You can pick up a small propane torch from most any hardware store or even walmart then turn it on slightly and follow your vacuum hoses. The idea is that when you wave it over the leak it will suck in the propane and dump it into the cylinders. This gas will richen the fuel/air mixture and make the car idle faster.
So you basically are just waving the propane bottle around until you hear the idle go slightly quicker and you know you've found your vacuum leak.
However, I only know this works on a carburated,low compression engine. Your 2.7T has an electronically controlled idle which may negate this anywayandI wouldn't want to recommend anything that has any chance of damaging your car in anyway.

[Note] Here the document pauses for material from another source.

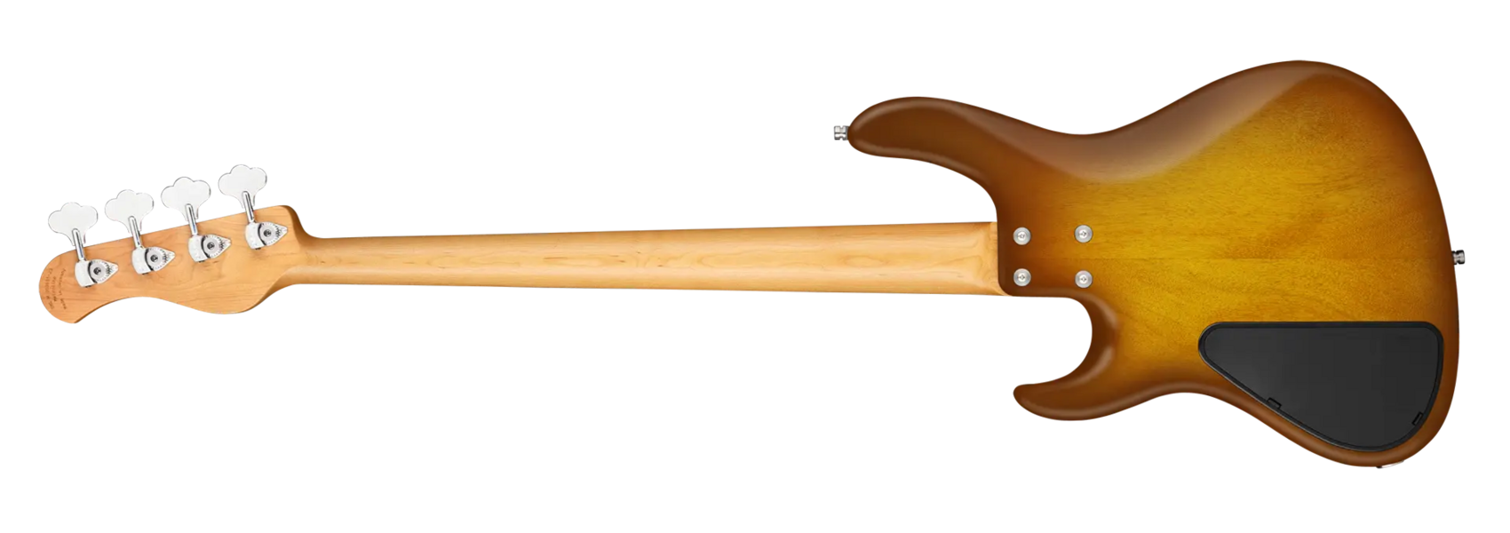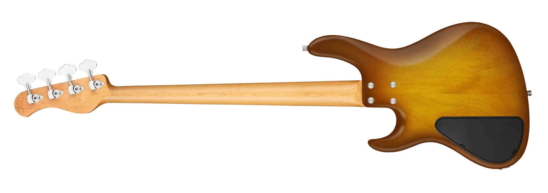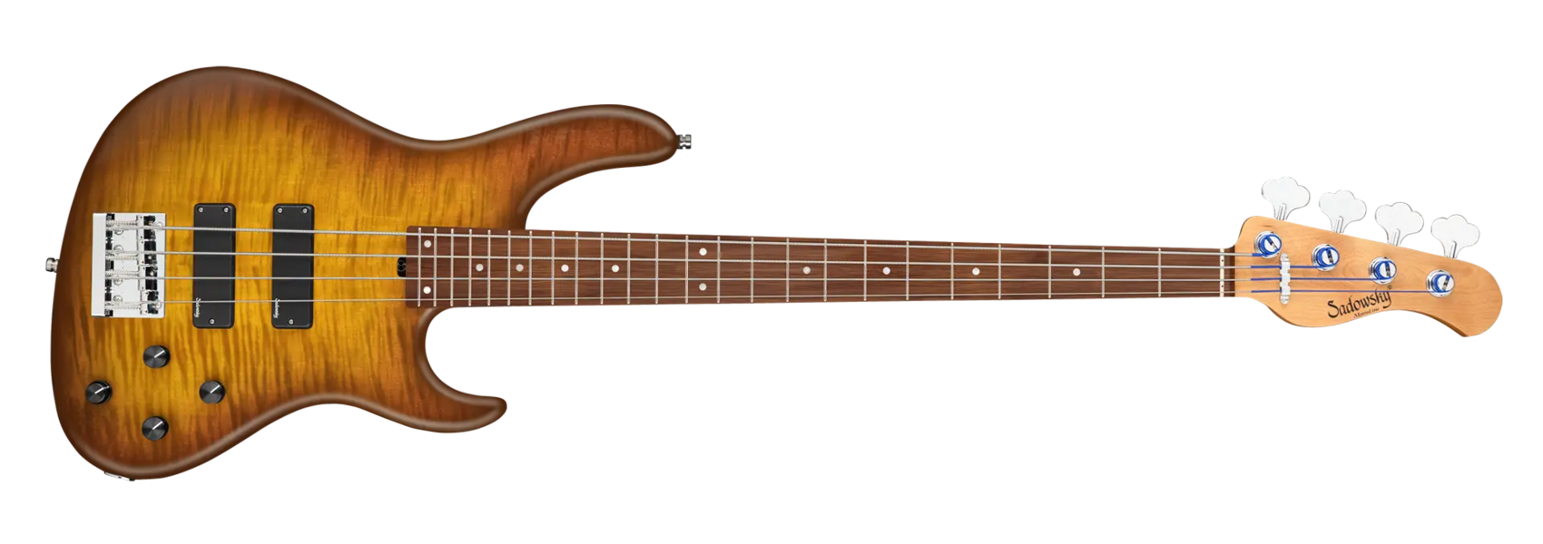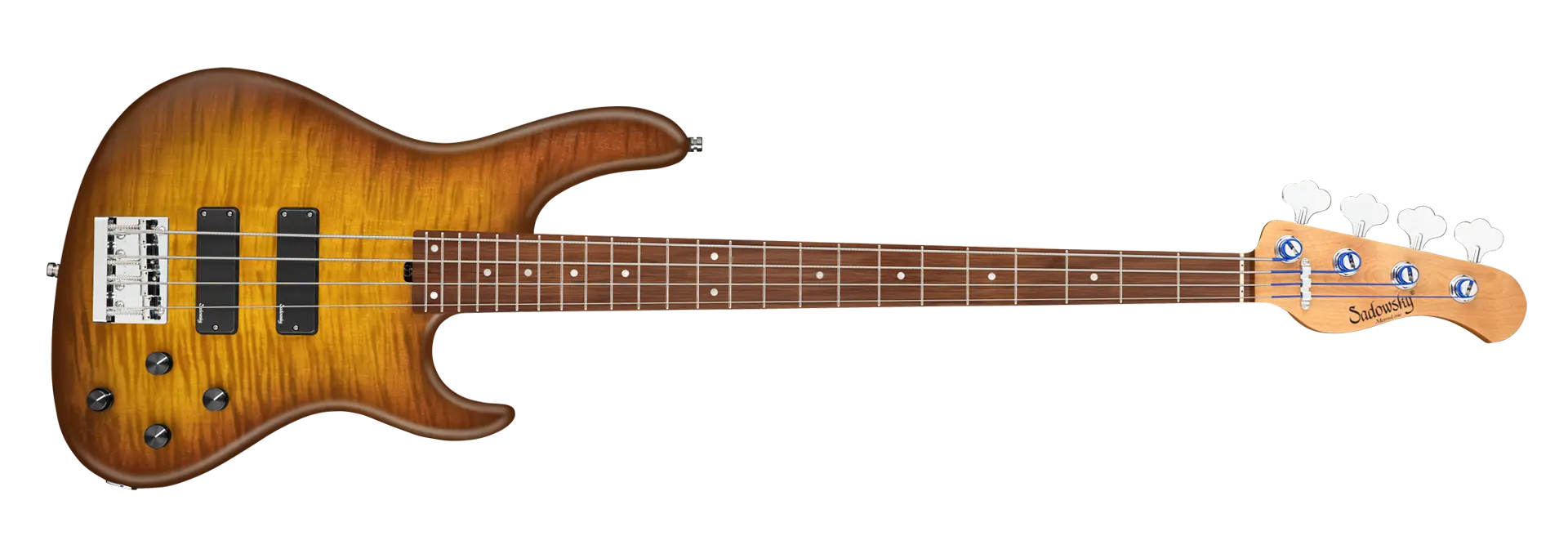 Der Sadowsky MetroLine Deluxe 24-Fret Modern Bass ist perfekt für alle Spieler, die einen Bass in moderner Optik und dem berühmten Sadowsky-Ton suchen: Niemals harsch oder schrill klingend, mit starken, kraftvollen, aber nie matschigen Bässen, mit präsenten, aber nicht zu aggressiven Mitten und einem süßen und luftigen Höhenbereich. Der 4-saitige Bass hat einen Korpus aus Okoume (chambered). Hier in einer Caramel Burst Transparent Satin-Lackierung zu sehen, ist die Korpusform schlank und unterdimensioniert mit tieferen Cutaways für bessere Bespielbarkeit und einen vollen Tonumfang von zwei Oktaven. Der Hals ist aus geröstetem amerikanischem Ahorn gefertigt und hat ein Morado (Pau Ferro) Griffbrett mit 24 Neusilberbünden. Dieser Bass ist mit zwei passiven Sadowsky Soapbar-Tonabnehmern ausgestattet, beide in moderner Position, und verfügt über eine aktive Elektronik, die True Bypass, Vintage Tone Control sowie Treble- und Bass-Boost bietet. Die Hardware umfasst Sadowsky Light Open Gear Mechaniken und eine Sadowsky Quick String Release Brücke. Jeder Sadowsky MetroLine Deluxe 24-Fret Modern Bass wird ausschließlich in unserer Werkstatt in Deutschland gefertigt und wiegt nicht mehr als 4,0 kg. Eine gute Wahl für Bassisten, die auf der Suche nach einem leichten, modern aussehenden Bass mit dem speziellen modernen Sadowsky-Sound sind.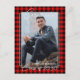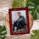 Unique and trendy congratulations graduate announcement and celebration party invitation card, with a simple classic rustic red and black coloured buffalo lumberjack plaid tartan pattern background. With room to customise or personalise with a photo, the name of the graduate, class graduation year, high school, future college or university name, and celebration party event information. Let the family, friends and neighbours know there is a happy graduate ready to conquer the world, and invite everybody to come celebrate the happy event with you!

Vinny 01-08-2008, 12:58 PM hello again, still got problems at tickover then. the smoke testand thegas test is perfectly safe, and yes even with electronic tickovers etc the engine speed will definately change so that you can pinpoint to a certain area where the leak is.your light that stays on when ticking over and then goes out when running above tickover sounds like an air leak. you will definately have disturbed something else as you have prooved by replacing the vacuum valve.that is why the light goes out after tickover because it is running ok. make sure the pipes you have fitted have been replaced in the correct order because if you havent then where itthere shoulda vacuum and it is not a vacuum the valve is not doing its job and the engine managment side of the system will pick this up and register this has a fault.but you must now check every vacuum pipe. by the way i have just looked in my auto data book and code 0300 lists the faults has follows. misfire detected, probable causes, spark plugs,ht leads,ignition coil(coils), wiring, low compression.be sure before you go crazy with the vacuum side of things that the electrical side of things are ok. looking at plugs and leads and thinking they look ok is not good enough. if you have not got proper equipment to check the items then change them or have somebody check them for you with diagnostic equipment.this can save loads of time and money. with over 30 years in the motor trade i have found on numerous occassions that a car has run ok when it came in to have a simple job done like yourself then it runs crap or wont start, whatever the out come it tells you one thing it is definately something that you have done or in this case disturbed, you only have to move slightly a faulty plug lead or a faulty bit of wiring and bingo you have a fault which is difficult to find, but you know it wasn't there before so backtrack and be 200% sure of everthing, hope i havn't bored you but i hope it helps, ps after 30 years i still get problems like yours and its a pain the arse. good luck vinny
ronnievincenty@thera 01-08-2008, 05:46 PM man i have the same exact issue,and my repair tech told me he fixed a hose that had a blockage in the vacum lines, now im praying this to is my problem, where is this part located if you pleae?:D
1fastt2 01-08-2008, 06:03 PM I have dropped my car off at a mech to do a smoke test on the vacuum system. I havent given up on finding the problem I just have ran out of time. Im driving from the Philly area to NYC on Thursday evening and need the car 100%... Ill let you guys know the out come!
audijunky_1 02-04-2008, 02:18 PM Well, what happened
NH_USA 02-04-2008, 03:25 PM vinney -- are you someone's cousin??? :D:D
Just a sugestion - it is hard to read a post with run-on together sentences. Please make it easier for us to read!